Input records:

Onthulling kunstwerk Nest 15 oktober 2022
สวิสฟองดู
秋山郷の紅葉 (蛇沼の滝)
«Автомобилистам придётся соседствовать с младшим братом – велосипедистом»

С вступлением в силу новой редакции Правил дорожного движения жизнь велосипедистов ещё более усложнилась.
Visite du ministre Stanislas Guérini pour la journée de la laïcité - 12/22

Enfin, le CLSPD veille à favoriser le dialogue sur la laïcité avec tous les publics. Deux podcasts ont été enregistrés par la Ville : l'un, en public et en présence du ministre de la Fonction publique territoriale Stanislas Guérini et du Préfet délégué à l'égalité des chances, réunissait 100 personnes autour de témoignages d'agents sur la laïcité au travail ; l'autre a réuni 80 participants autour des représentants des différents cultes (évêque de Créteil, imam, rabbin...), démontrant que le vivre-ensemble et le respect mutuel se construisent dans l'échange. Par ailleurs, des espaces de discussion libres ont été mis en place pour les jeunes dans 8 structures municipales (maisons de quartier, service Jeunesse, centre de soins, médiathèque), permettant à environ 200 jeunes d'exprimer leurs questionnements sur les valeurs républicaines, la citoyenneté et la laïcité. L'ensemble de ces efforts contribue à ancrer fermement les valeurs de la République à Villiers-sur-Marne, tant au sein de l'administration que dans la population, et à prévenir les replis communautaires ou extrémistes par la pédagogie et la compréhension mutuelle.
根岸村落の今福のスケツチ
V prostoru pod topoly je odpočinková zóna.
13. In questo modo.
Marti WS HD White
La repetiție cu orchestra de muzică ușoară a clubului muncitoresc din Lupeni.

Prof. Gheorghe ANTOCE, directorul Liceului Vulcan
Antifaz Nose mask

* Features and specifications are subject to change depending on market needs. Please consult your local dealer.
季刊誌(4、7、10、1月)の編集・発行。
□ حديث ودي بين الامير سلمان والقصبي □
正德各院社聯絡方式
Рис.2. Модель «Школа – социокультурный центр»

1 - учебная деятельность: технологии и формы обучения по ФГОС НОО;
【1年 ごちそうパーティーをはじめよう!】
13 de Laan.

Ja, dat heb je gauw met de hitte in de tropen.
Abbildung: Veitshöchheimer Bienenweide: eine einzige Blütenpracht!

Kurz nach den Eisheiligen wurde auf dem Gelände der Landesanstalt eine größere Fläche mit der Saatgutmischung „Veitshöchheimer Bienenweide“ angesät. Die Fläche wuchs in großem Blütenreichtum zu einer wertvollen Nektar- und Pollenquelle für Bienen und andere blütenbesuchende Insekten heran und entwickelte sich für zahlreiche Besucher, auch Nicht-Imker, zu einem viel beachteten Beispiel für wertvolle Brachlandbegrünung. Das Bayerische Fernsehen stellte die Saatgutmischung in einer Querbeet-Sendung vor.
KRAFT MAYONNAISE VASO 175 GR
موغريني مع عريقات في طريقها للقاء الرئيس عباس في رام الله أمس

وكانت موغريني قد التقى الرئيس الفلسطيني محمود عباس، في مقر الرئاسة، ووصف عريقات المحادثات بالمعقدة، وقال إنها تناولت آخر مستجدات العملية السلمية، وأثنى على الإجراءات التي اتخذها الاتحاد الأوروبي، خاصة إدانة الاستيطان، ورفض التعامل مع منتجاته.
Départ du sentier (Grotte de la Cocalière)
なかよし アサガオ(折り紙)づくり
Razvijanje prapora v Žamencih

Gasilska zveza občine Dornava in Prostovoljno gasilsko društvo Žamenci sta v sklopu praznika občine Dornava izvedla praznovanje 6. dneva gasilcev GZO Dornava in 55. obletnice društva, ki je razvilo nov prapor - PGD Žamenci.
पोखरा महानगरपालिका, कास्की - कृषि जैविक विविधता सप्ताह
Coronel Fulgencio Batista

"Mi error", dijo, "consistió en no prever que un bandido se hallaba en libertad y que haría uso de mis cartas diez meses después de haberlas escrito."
* * *
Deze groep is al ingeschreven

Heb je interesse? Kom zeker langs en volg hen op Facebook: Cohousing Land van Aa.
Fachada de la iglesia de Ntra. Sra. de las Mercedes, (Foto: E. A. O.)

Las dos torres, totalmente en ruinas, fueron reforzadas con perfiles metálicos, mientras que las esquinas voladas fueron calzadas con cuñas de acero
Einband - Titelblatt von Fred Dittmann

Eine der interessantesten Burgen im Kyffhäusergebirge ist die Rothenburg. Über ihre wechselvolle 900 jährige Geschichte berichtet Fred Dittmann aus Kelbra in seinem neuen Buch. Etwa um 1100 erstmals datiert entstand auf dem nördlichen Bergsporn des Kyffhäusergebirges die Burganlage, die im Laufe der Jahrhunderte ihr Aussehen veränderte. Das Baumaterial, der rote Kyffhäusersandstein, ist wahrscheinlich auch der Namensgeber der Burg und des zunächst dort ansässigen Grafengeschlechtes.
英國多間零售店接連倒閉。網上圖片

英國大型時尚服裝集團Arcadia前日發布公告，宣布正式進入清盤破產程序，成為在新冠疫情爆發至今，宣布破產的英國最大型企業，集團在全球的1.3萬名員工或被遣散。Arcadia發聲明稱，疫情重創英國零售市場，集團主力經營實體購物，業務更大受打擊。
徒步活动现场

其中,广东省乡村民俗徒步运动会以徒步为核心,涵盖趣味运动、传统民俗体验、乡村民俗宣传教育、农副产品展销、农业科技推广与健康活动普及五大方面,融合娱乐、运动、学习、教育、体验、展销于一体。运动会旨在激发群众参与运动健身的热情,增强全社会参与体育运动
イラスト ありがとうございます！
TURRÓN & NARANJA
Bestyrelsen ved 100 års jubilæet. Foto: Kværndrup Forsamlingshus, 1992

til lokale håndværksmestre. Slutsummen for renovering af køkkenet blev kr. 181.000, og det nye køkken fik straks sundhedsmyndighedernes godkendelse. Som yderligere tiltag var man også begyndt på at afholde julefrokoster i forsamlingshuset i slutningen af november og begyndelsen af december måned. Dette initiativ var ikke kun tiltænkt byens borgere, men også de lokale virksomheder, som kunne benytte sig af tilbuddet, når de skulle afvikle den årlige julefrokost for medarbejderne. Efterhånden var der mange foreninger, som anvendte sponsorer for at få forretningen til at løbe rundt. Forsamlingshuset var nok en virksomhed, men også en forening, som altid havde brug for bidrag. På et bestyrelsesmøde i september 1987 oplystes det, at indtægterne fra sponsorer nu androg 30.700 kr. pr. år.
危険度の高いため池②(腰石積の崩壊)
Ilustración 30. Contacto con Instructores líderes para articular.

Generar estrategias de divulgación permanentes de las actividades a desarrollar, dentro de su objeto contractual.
==
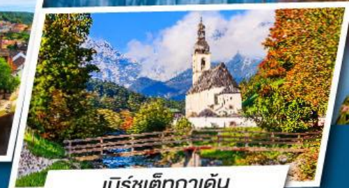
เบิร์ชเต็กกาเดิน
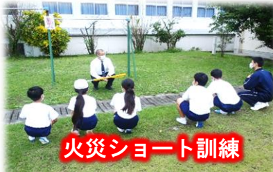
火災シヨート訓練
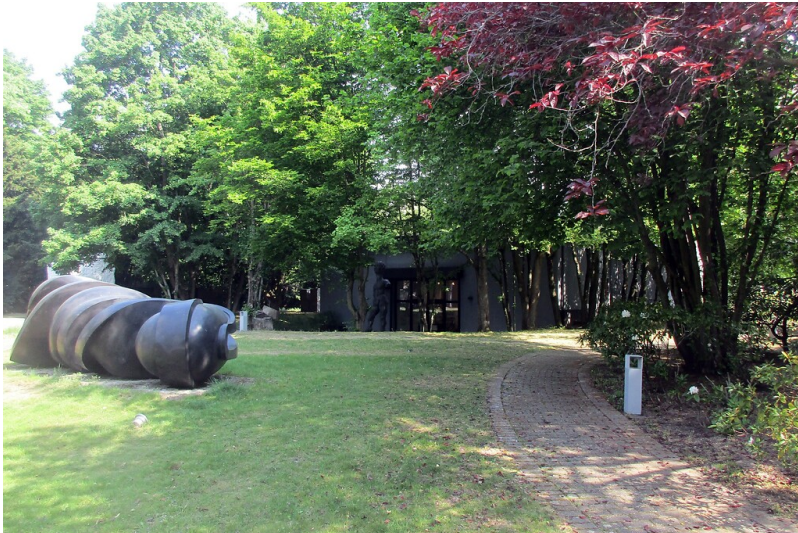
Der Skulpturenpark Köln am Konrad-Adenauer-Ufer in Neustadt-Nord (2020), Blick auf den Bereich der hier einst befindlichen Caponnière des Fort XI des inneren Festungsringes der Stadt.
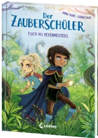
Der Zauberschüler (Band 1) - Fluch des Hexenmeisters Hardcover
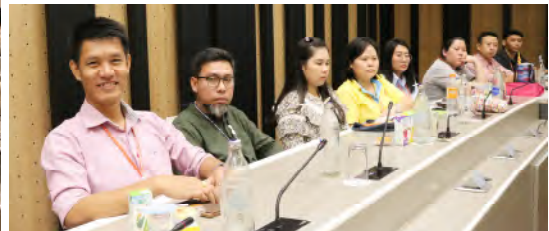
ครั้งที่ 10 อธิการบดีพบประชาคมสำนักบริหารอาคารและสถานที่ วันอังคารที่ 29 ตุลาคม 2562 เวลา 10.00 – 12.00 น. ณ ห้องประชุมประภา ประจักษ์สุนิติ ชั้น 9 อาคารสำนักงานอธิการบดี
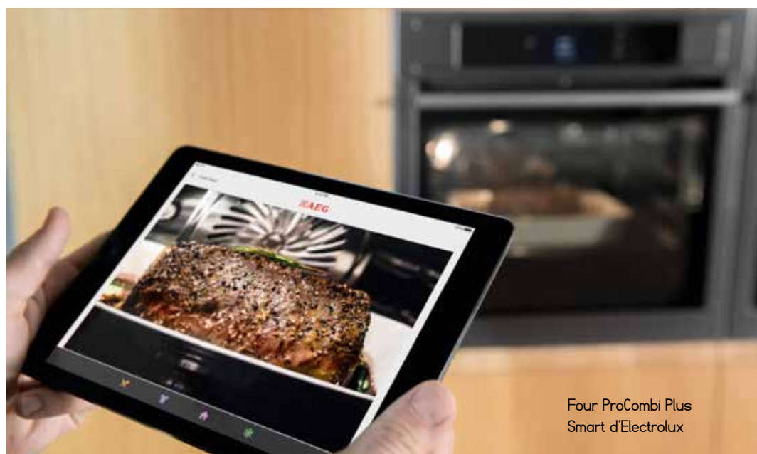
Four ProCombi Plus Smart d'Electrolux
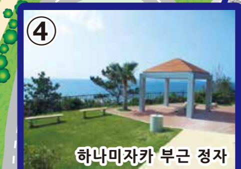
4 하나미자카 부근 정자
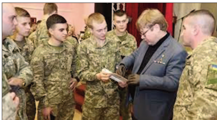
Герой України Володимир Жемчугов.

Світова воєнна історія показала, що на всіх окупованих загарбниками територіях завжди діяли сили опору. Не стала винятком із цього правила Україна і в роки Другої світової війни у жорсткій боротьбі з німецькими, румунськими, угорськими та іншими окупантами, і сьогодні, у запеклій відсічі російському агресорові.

Task details: Where a line above holds the string "Foto", show that line.

Worked solution:
Fachada de la iglesia de Ntra. Sra. de las Mercedes, (Foto: E. A. O.)
Bestyrelsen ved 100 års jubilæet. Foto: Kværndrup Forsamlingshus, 1992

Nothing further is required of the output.